§ WHAT YOU HAVE TO DO:
Start the copy at the line holding "A reading, writing, and" and continue it exactly through the last line of the entries, leaving out pictures and anything else.

(Extracted records)
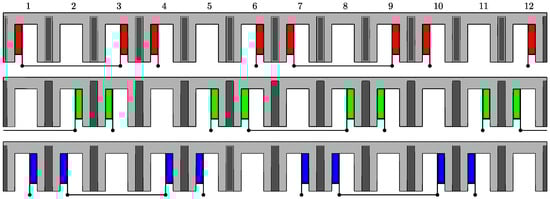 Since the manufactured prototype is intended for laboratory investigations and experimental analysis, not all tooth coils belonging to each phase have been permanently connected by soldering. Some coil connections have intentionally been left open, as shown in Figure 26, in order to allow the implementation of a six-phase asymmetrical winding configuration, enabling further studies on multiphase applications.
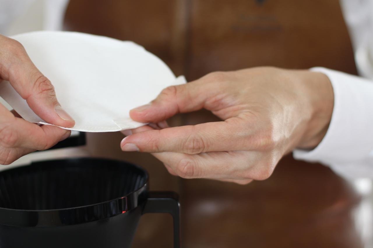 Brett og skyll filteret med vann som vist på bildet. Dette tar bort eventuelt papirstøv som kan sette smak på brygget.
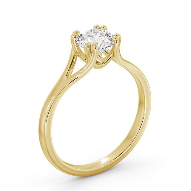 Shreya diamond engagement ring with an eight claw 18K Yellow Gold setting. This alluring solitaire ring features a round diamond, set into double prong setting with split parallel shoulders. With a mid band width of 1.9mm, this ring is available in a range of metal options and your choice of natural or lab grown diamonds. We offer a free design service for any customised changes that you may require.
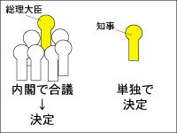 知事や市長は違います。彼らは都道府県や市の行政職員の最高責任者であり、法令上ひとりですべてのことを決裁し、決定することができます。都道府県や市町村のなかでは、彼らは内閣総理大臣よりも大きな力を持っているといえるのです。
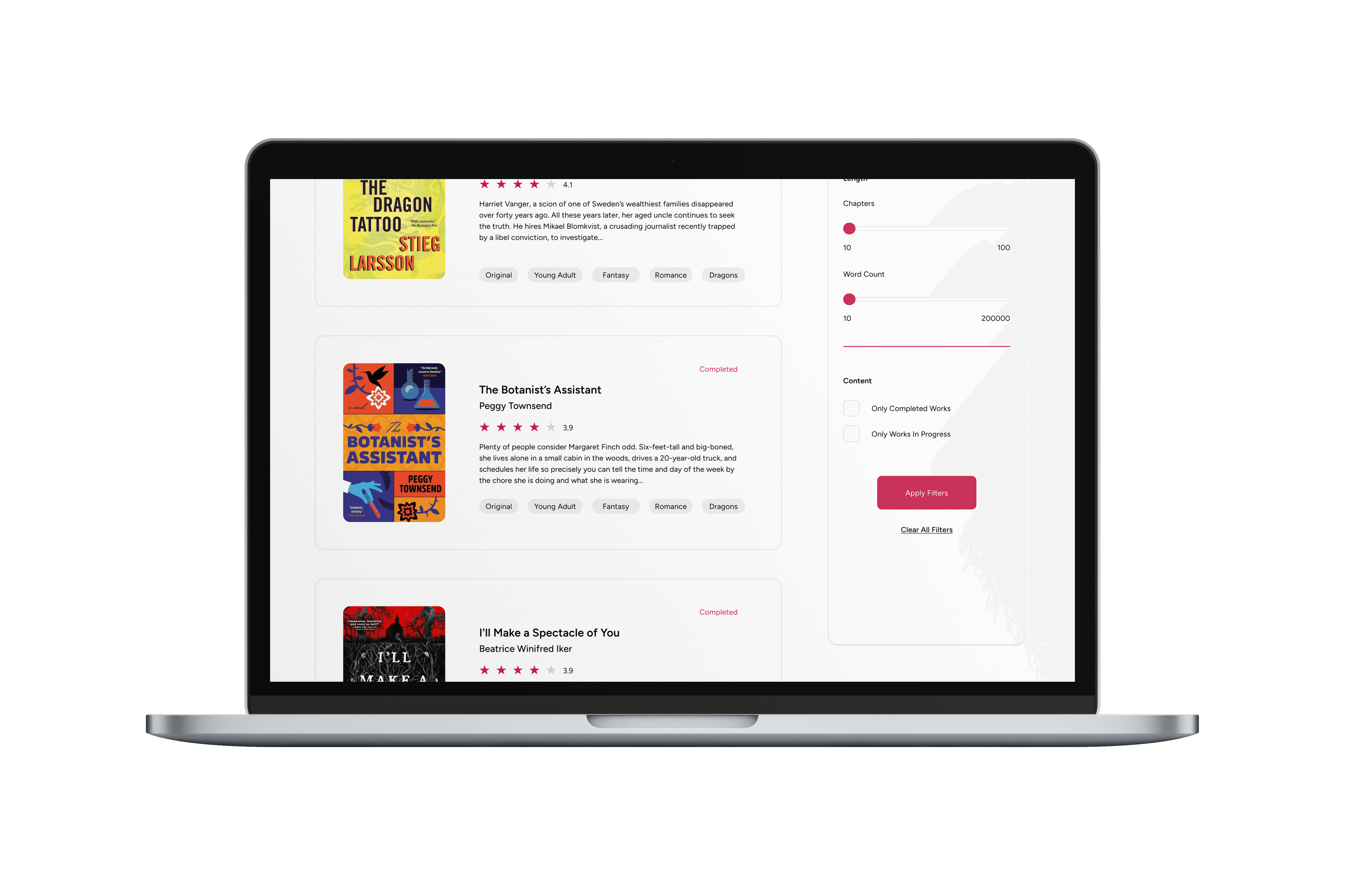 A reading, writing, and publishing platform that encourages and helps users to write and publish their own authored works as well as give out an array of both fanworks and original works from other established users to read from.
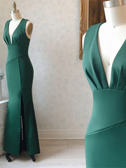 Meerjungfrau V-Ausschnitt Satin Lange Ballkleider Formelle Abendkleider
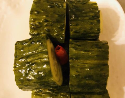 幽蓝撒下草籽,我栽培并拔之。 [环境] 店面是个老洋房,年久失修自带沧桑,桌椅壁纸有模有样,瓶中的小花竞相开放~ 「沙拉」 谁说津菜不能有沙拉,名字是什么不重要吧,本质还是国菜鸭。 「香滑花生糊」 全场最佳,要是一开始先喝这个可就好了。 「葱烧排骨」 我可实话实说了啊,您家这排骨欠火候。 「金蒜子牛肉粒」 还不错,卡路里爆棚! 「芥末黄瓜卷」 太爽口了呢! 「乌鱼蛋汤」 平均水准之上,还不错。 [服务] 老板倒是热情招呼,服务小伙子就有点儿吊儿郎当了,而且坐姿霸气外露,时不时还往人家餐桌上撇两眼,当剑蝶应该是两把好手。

§ TASK RESULT:
 A reading, writing, and publishing platform that encourages and helps users to write and publish their own authored works as well as give out an array of both fanworks and original works from other established users to read from.
 Meerjungfrau V-Ausschnitt Satin Lange Ballkleider Formelle Abendkleider
 幽蓝撒下草籽,我栽培并拔之。 [环境] 店面是个老洋房,年久失修自带沧桑,桌椅壁纸有模有样,瓶中的小花竞相开放~ 「沙拉」 谁说津菜不能有沙拉,名字是什么不重要吧,本质还是国菜鸭。 「香滑花生糊」 全场最佳,要是一开始先喝这个可就好了。 「葱烧排骨」 我可实话实说了啊,您家这排骨欠火候。 「金蒜子牛肉粒」 还不错,卡路里爆棚! 「芥末黄瓜卷」 太爽口了呢! 「乌鱼蛋汤」 平均水准之上,还不错。 [服务] 老板倒是热情招呼,服务小伙子就有点儿吊儿郎当了,而且坐姿霸气外露,时不时还往人家餐桌上撇两眼,当剑蝶应该是两把好手。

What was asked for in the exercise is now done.